Twitter’s shareholders will then need to vote on the deal, which is expected to close this year; while no other timetable has been set, the company has an annual meeting in May.
The question on everyone’s lips is: what is going to happen to Twitter? The unsatisfying answer is that nobody knows. There is a term in the computer industry called vapourware, which is a piece of hardware or software that has been announced to the public but may never actually be made. In 2020, TikTok was definitely going to be purchased by Microsoft, then by Walmart, then by Oracle, at the behest of President Trump. Eventually, no one bought it. Stranger things have happened.
In practical terms, Musk’s current wishlist – an edit button, eliminating cryptocurrency scams, authenticating users, and making the site’s algorithm open-source – is impossible to evaluate until it becomes more tangible.
Technology experts have pointed out that letting people see how Twitter’s algorithm works is likely to increase the proficiency of scammers rather than reduce it, as well as encouraging legislators, pundits, and trolls to post random screenshots of code to reverse-engineer the Twitter feed like a soothsayer reading tea leaves. Others say that eliminating bots is antithetical to the “free speech absolutism” to which Musk claims to subscribe.
A decade ago, one Twitter executive described the platform as the “free speech wing of the free speech party” but over the years found that such a position was untenable, and that curation was necessary. Even so, Twitter censors less than bigger platforms such as Facebook or Instagram – it allows pornography, for example – and is still nicknamed “the hellsite” by exasperated users. It’s hard to see how having fewer filters will improve that.
Many users will no doubt follow Jameela Jamil and quit the platform over Musk’s takeover. Others might join. Twitter has around 200 million global users, compared to Snapchat’s 300 million, while TikTok, Instagram, YouTube, and Facebook number in billions, so there is room for it to grow.

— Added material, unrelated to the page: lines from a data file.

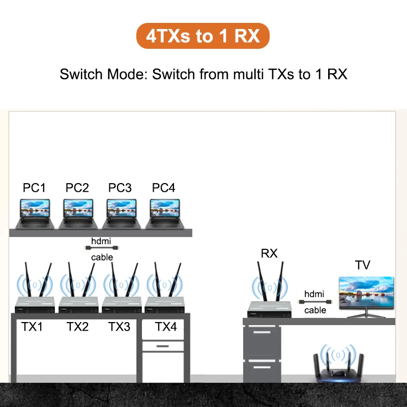 200 м беспроводной HDMI удлинитель передатчик приемник переключатель 4 PC на TV 1 To Multi Splitter видеоконвертер беспроводной передатчик IR Remote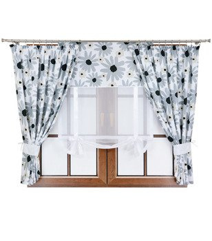 ( ilość produktów: 1014 )Komplet 2 zasłony szare kwiaty J1 panel z kokardkami Rubi IV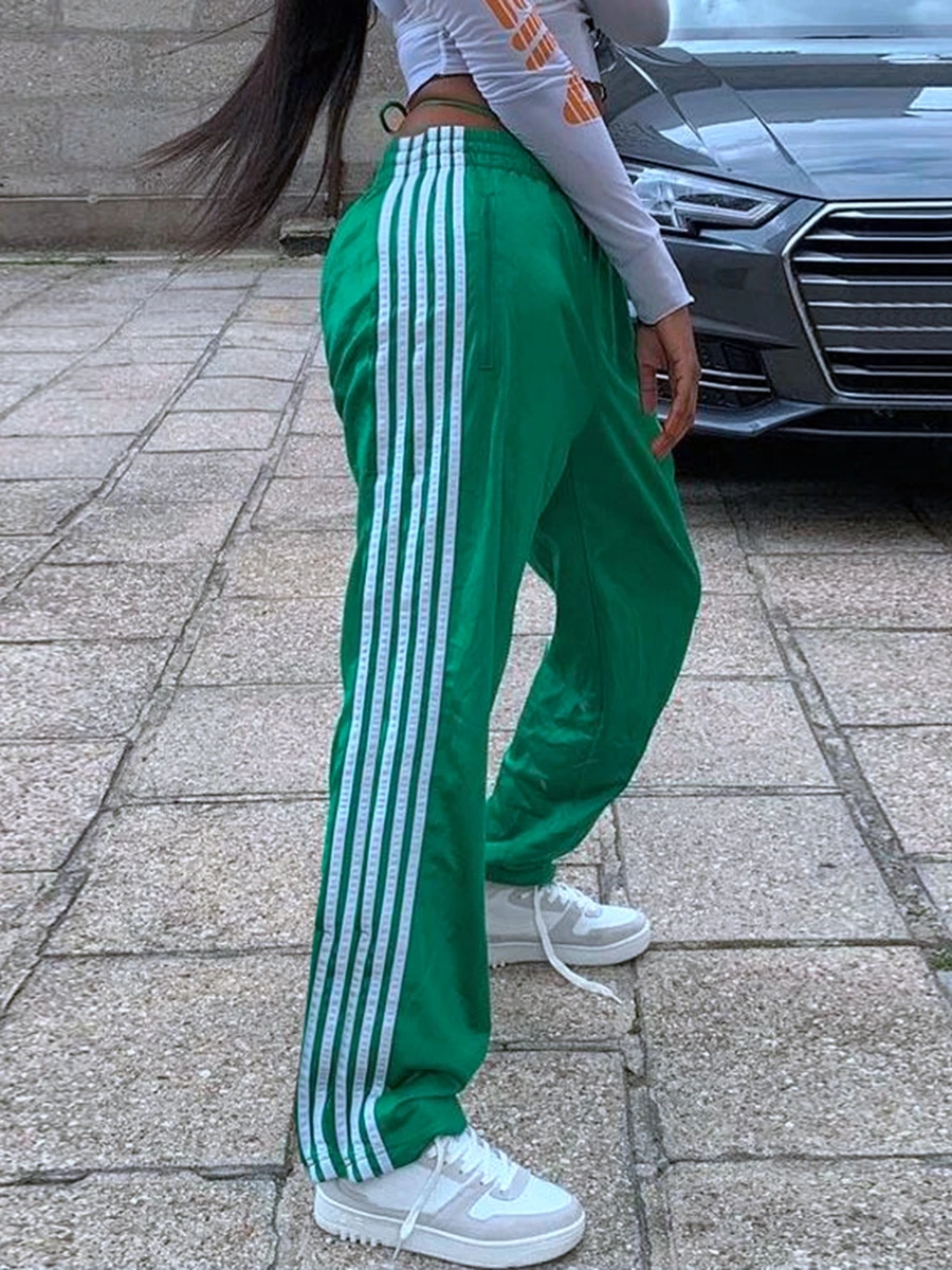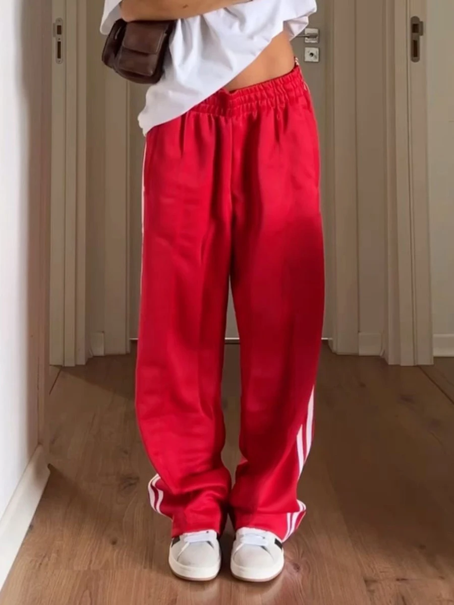 Women Y2k Wide Leg Track Pants Baggy Side Striped Joggers Sweatpants Elastic Waist Color Block Parachute Pants with PocketsWomen Y2k Wide L...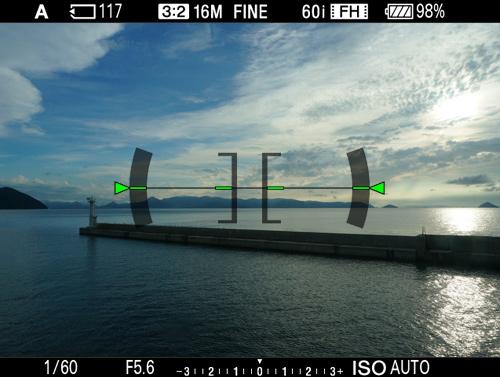 液晶モニターはもちろん、ファインダー内にもグリッドラインを表示できるので、水平や垂直の傾きを補正しながら、緻(ち)密なフレーミングが可能です。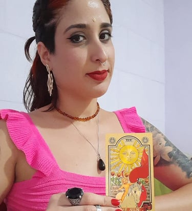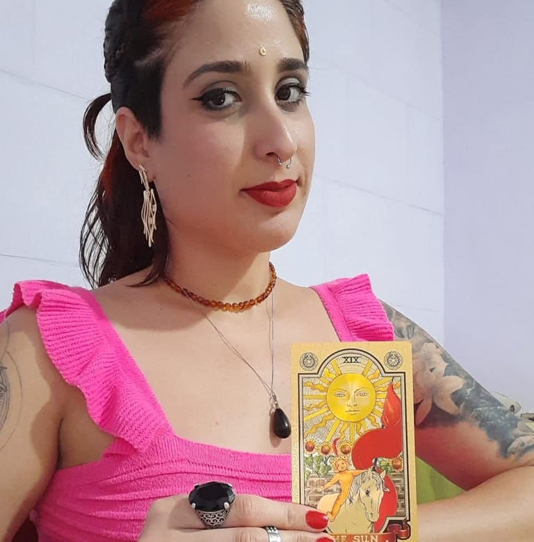 Taróloga, Astróloga, Mestre em Tarô e Reiki, Terapeuta Holística e Massoterapeuta, com mais de 10 anos de experiência dedicada ao autoconhecimento, cura energética e bem-estar integral.

Twitter’s nature as a newsroom – a digital space where world events happen – is what distinguishes it from other platforms, but its sale will put it under the control of a single billionaire elite just like Mark Zuckerberg’s Facebook and Evan Spiegel’s Snapchat. It will also put Musk in the firing line of governments still tackling issues of moderation, misinformation, and other online harms, and it is unclear whether someone dedicated to colonising Mars will have time for what he might see as the trivialities of his big ideals.